Summary: OVN should handle DNAT collisions by SNAT'ing port
Keywords:
Status: VERIFIED
Alias: None
Product: Red Hat Enterprise Linux Fast Datapath
Classification: Red Hat
Component: OVN
Version: RHEL 8.0
Hardware: Unspecified
OS: Unspecified
urgent
urgent
Target Milestone: ---
: ---
Assignee: Dumitru Ceara
QA Contact: Jianlin Shi
URL:
Whiteboard:
Depends On: 1935663 1935666 1992012
Blocks: 1939045
TreeView+ depends on / blocked
 
Reported: 2021-03-16 19:33 UTC by Tim Rozet
Modified: 2022-07-26 12:44 UTC (History)
12 users (show)

Fixed In Version: ovn21.09-21.09.0-17.el8fdp
Doc Type: If docs needed, set a value
Doc Text:
Clone Of:
Environment:
Last Closed:
Target Upstream Version:


Attachments (Terms of Use)
OVS flows and groups (59.99 KB, text/plain)
2021-03-22 10:34 UTC, Dumitru Ceara
no flags Details


Links
System ID Private Priority Status Summary Last Updated
Red Hat Issue Tracker FD-1135 0 None None None 2021-08-10 20:20:24 UTC

Internal Links: 1939045

Description Tim Rozet 2021-03-16 19:33:21 UTC
Description of problem:
There's a potential scenario in Kubernetes where a pod trying to talk to another pod and a service backed by that pod could result in a port collision and a conntrack will refuse to commit the connection. Consider the following UDP traffic flow between a client and server:

client (10.129.2.7:5054) -> server (10.129.2.8:5088)

This will create an entry in conntrack similar to this:

udp,orig=(src=10.129.2.7,dst=10.129.2.8,sport=5054,dport=5088),reply=(src=10.129.2.8,dst=10.129.2.7,sport=5088,dport=5054),zone=85

Around the same time, the client sends a packet (using the same source port) to a Kubernetes service, who's backend is the same server. In OVN this is treated as a load_balancer, and let's assume the VIP on this LB is 172.30.9.90.

client (10.129.2.7:5054) -> 172.30.9.90 (OVN LB DNAT) -> server (10.129.2.8:5088)

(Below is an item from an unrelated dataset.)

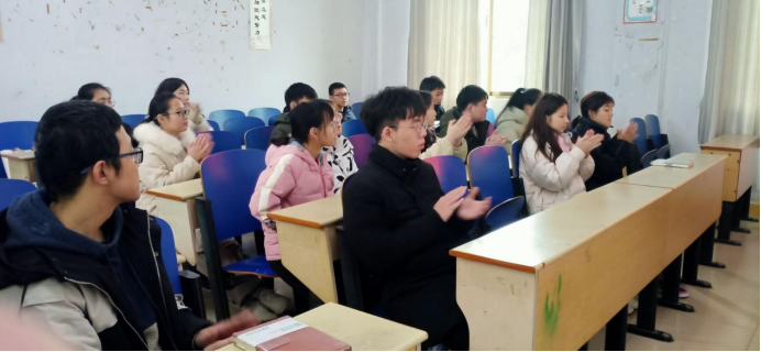 图为各班心理委员对获奖人员表示祝贺

This results in a conntrack entry similar to:
udp,orig=(src=10.129.2.7,dst=172.30.9.90,sport=5054,dport=5088),reply=(src=10.129.2.8,dst=10.129.2.7,sport=5088,dport=5054),zone=84,labels=0x2

The problem here is the reply tuple is the same between both sessions. This will result in errors in OVS due to a failure to commit the conntrack entries because of collisions:
2021-03-12T08:12:40.670Z|00004|dpif(handler10)|WARN|system@ovs-system: execute ct(commit,zone=84,label=0/0x1),ct(zone=85),recirc(0x19590) failed (Invalid argument) on packet udp,vlan_tci=0x0000,dl_src=0a:58:0a:81:02:07,dl_dst=0a:58:0a:81:02:08,nw_src=10.129.2.7,nw_dst=10.129.2.8,nw_tos=0,nw_ecn=0,nw_ttl=64,tp_src=5054,tp_dst=5088 udp_csum:14c4
 with metadata skb_priority(0),skb_mark(0),ct_state(0x21),ct_zone(0x54),ct_tuple4(src=10.129.2.7,dst=10.129.2.8,proto=17,tp_src=5054,tp_dst=5088),in_port(16) mtu 0
2021-03-12T08:15:12.680Z|00008|dpif(handler13)|WARN|system@ovs-system: execute ct(commit,zone=84,label=0/0x1),ct(zone=85),recirc(0x19697) failed (Invalid argument) on packet udp,vlan_tci=0x0000,dl_src=0a:58:0a:81:02:07,dl_dst=0a:58:0a:81:02:08,nw_src=10.129.2.7,nw_dst=10.129.2.8,nw_tos=0,nw_ecn=0,nw_ttl=64,tp_src=5054,tp_dst=5088 udp_csum:d000
 with metadata skb_priority(0),skb_mark(0),ct_state(0x21),ct_zone(0x54),ct_tuple4(src=10.129.2.7,dst=10.129.2.8,proto=17,tp_src=5054,tp_dst=5088),in_port(16) mtu 0

In order to avoid this scenario, openshift-sdn has implemented a SNAT(0.0.0.0) CT flow that will ensure if there is a port collision, that the port is changed:
https://github.com/openshift/sdn/pull/269/files#diff-6a28fd6ce020355ee396a0a925f38fd98f5ba7908d2593a65d67b1dd9b341532R117

The request here is implement a similar fix in OVN, so that if there are such port collisions in traffic flow that we workaround it.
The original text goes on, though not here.